▶ _GOAL OF THE EXERCISE_
Using the material below, print a verbatim copy of every line from the one containing "Longer term we" through the one containing "Votre agence 123webimmo", inclusive, and omit the pictures.

▶ _GIVEN RECORDS_
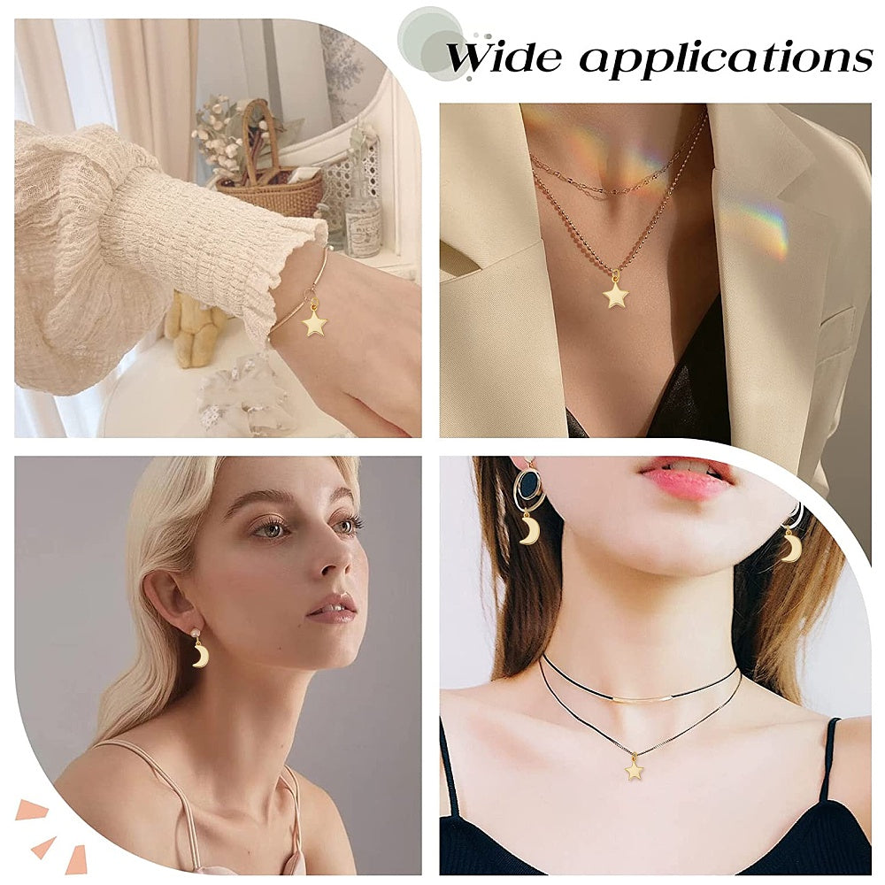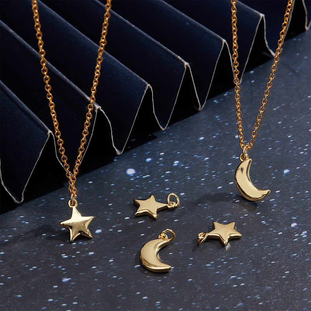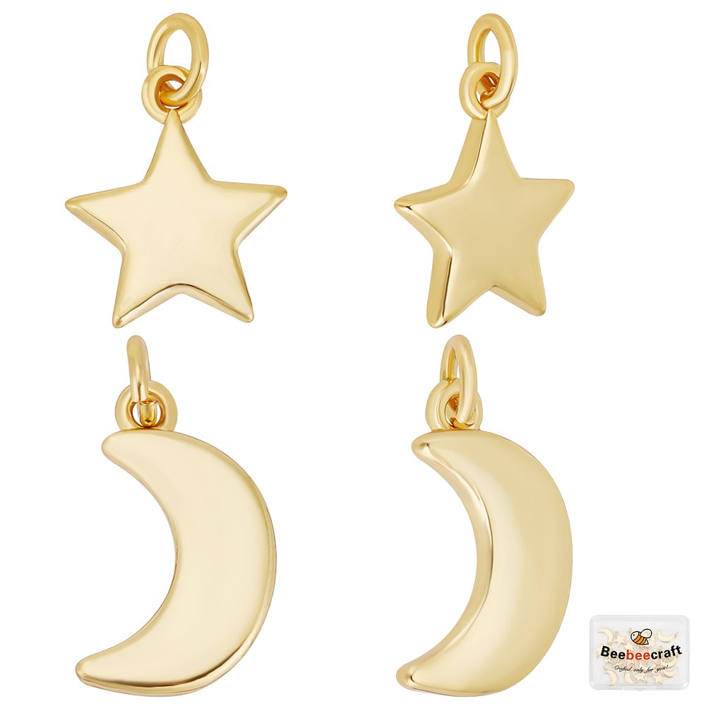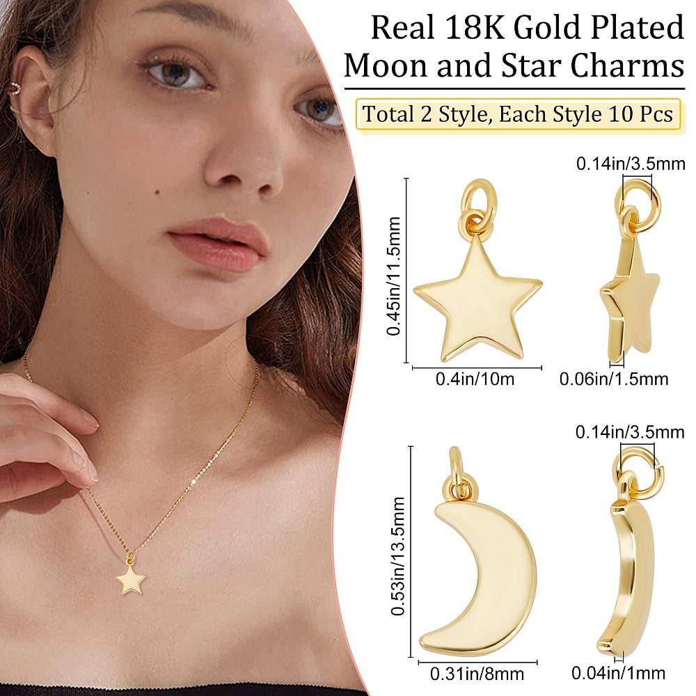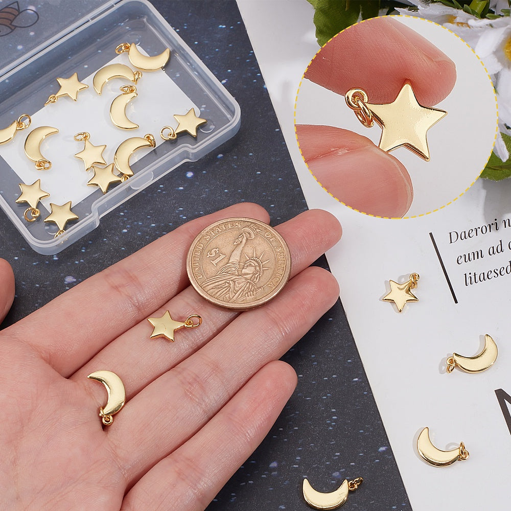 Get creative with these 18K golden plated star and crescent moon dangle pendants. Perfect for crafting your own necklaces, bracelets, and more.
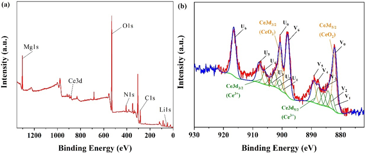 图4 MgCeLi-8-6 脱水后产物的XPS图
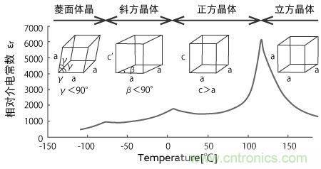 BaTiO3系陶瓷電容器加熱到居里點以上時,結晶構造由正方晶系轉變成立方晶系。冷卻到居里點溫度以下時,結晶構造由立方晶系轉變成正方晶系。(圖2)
==
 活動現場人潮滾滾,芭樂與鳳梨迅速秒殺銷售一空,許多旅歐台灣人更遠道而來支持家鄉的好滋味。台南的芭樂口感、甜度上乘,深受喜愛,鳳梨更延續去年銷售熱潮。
...
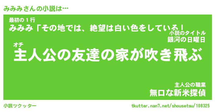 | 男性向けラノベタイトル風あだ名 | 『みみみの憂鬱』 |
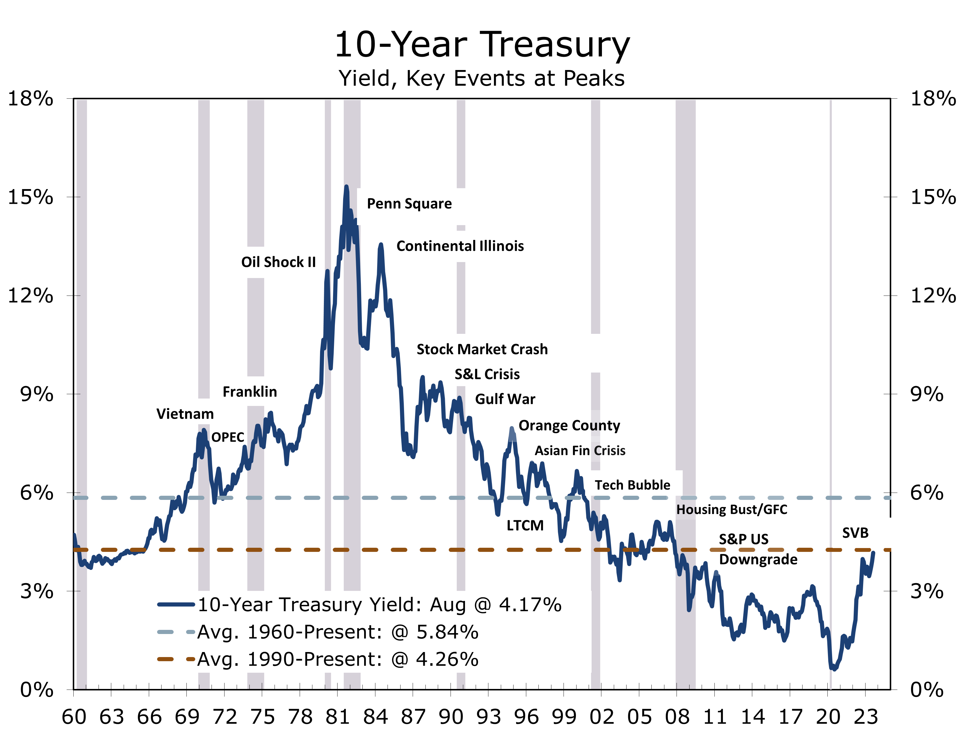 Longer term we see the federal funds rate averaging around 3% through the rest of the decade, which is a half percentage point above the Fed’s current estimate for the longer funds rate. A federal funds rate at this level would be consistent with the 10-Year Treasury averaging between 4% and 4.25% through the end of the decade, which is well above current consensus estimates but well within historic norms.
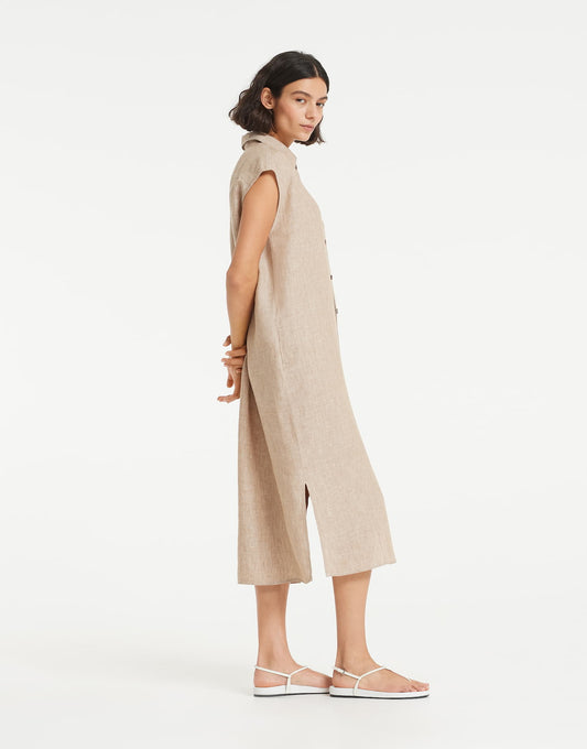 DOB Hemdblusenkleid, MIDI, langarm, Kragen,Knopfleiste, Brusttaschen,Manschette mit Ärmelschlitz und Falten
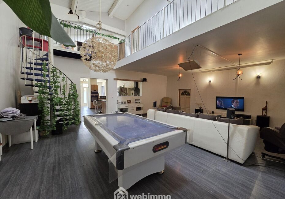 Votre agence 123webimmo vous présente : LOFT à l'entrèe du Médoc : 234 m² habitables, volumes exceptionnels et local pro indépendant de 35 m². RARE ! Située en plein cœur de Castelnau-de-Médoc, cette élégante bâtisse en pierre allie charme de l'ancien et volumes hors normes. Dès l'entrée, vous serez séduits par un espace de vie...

▶ _YOUR SOLUTION_
 Longer term we see the federal funds rate averaging around 3% through the rest of the decade, which is a half percentage point above the Fed’s current estimate for the longer funds rate. A federal funds rate at this level would be consistent with the 10-Year Treasury averaging between 4% and 4.25% through the end of the decade, which is well above current consensus estimates but well within historic norms.
 DOB Hemdblusenkleid, MIDI, langarm, Kragen,Knopfleiste, Brusttaschen,Manschette mit Ärmelschlitz und Falten
 Votre agence 123webimmo vous présente : LOFT à l'entrèe du Médoc : 234 m² habitables, volumes exceptionnels et local pro indépendant de 35 m². RARE ! Située en plein cœur de Castelnau-de-Médoc, cette élégante bâtisse en pierre allie charme de l'ancien et volumes hors normes. Dès l'entrée, vous serez séduits par un espace de vie...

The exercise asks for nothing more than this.